# Chuck To Backplate Bolt Thread, Nc Or Nf?



## MikeMc (Jul 10, 2015)

I'm ready to drill the backplate for my new 8" 4-jaw chuck. It came with metric bolts only 0.010" larger than 3/8". Since I already have SAE taps it seems a waste to spend $10+ for a metric tap and drill that I'll likely only use once then have cluttering up the toolbox for the rest of my life.
  Should the chuck be mounted to the backplate with course or fine threads?
Thanks,
MikeMc


----------



## RJSakowski (Jul 10, 2015)

MikeMc said:


> I'm ready to drill the backplate for my new 8" 4-jaw chuck. It came with metric bolts only 0.010" larger than 3/8". Since I already have SAE taps it seems a waste to spend $10+ for a metric tap and drill that I'll likely only use once then have cluttering up the toolbox for the rest of my life.
> Should the chuck be mounted to the backplate with course or fine threads?
> Thanks,
> MikeMc



I think either will work.  If I recall correctly, fine threads have a greater tensile strength due to the larger root diameter and greater clamping force due to the finer pitch.  Fine threads have more of a locking tendency due to the shallower pitch angle.  Coarse threads are more resistant to stripping  though.

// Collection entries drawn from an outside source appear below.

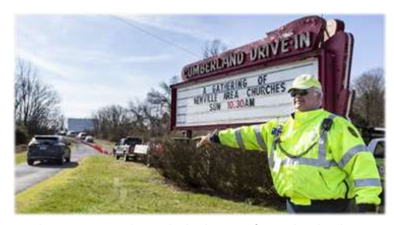
Parishioners Arrive at the Cumberland Drive-In for Sunday Church Service

<u>Churches will have Easter Services at the [Big Sky] Drive-In (Midland Reporter-Telegram)</u>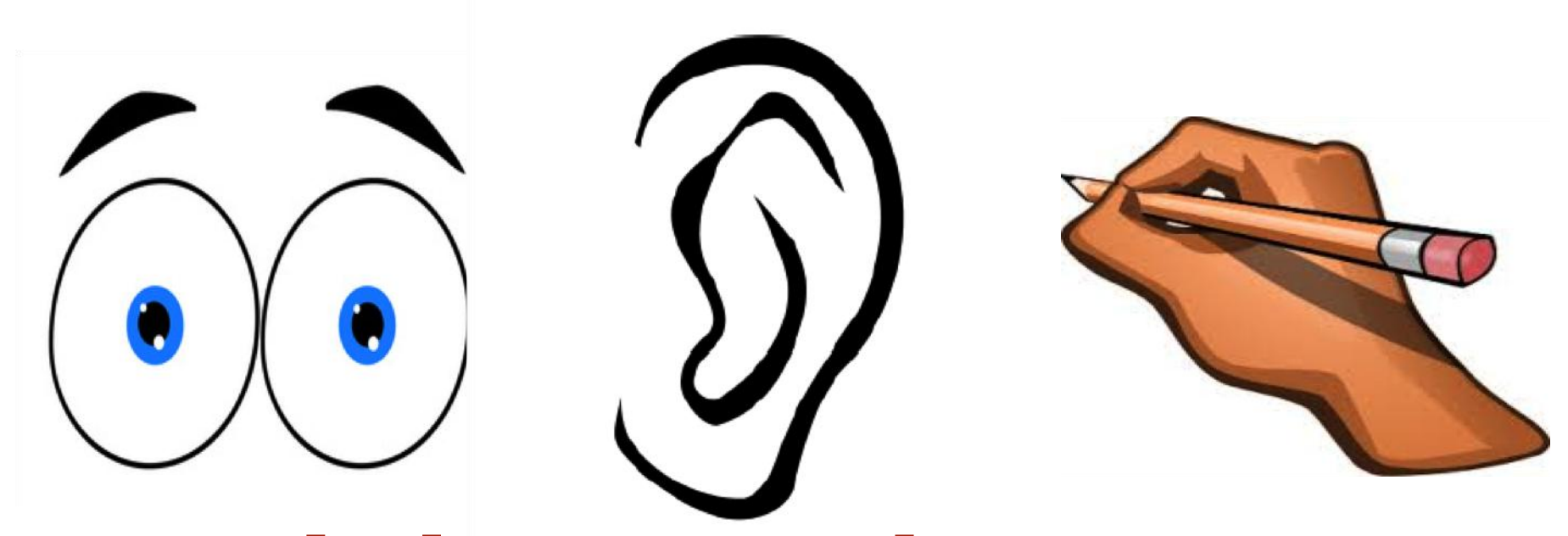
Look, listen, and write your answers!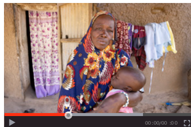
FAITHFUL CARE FOR A HUNGRY WORLD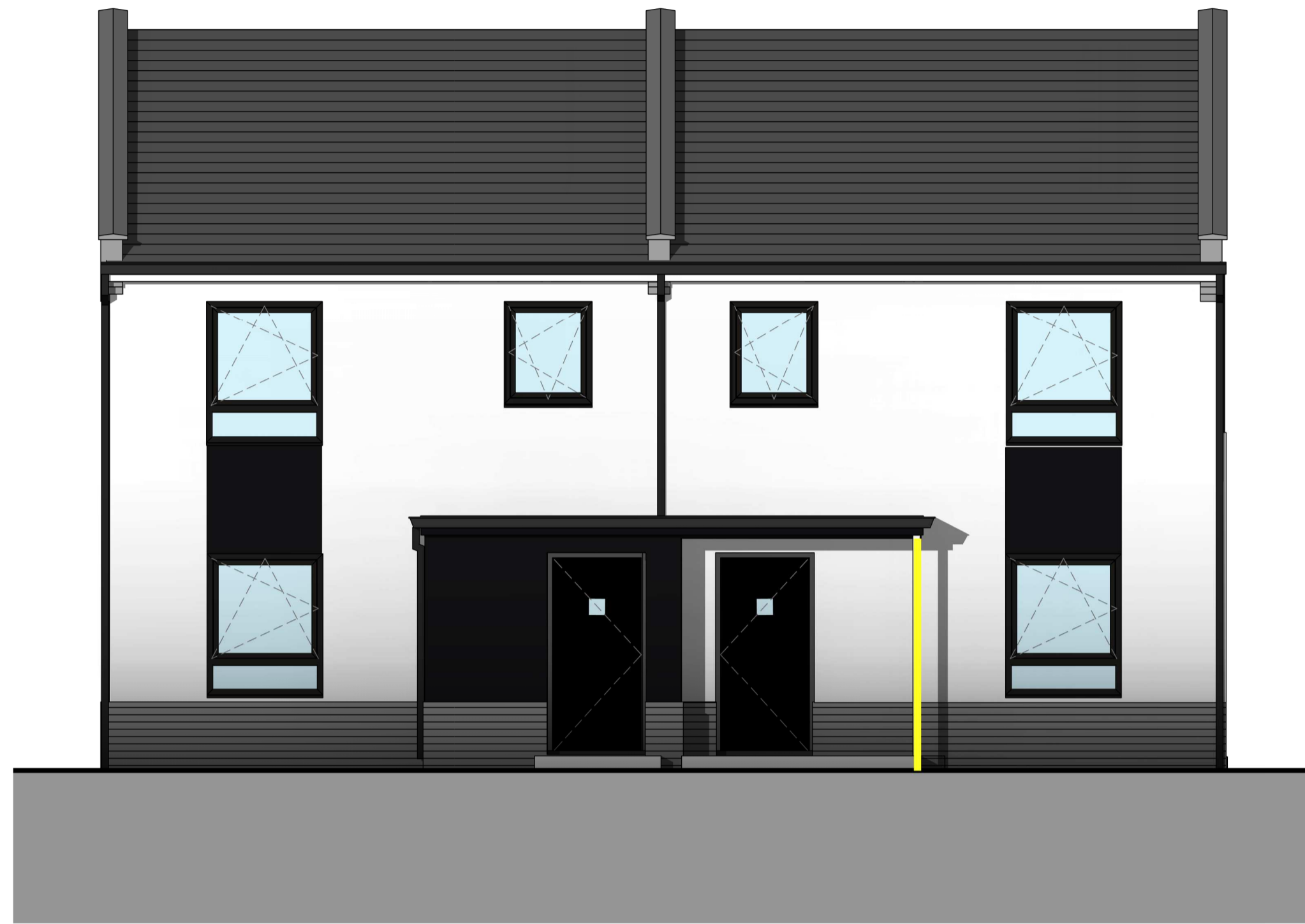
1 Elevation 1 - a 1:50

Since you are retapping anyway, you have a fair amount of latitude in selection of your thread.


----------



## kd4gij (Jul 10, 2015)

I would buy the tap, Never pass up an opportunity to buy more tools.  Metric taps are a must anyway, every things use them these days. But if you must! I would use corse.


----------



## MikeMc (Jul 11, 2015)

I'll go with coarse then. 
Thanks for the feedback.
MikeMc


----------



## wa5cab (Jul 11, 2015)

I don't understand why you would have to tap anything.  Although it's true that the ISO metric threaded fastener system is the poorest design ever on the planet, if you buy a Chinese chuck, that's what you are going to get.  So all that you need to buy is one proper size drill bit for the holes in the back plate, plus the screws.  There are no holes that you need to tap because they are all already tapped..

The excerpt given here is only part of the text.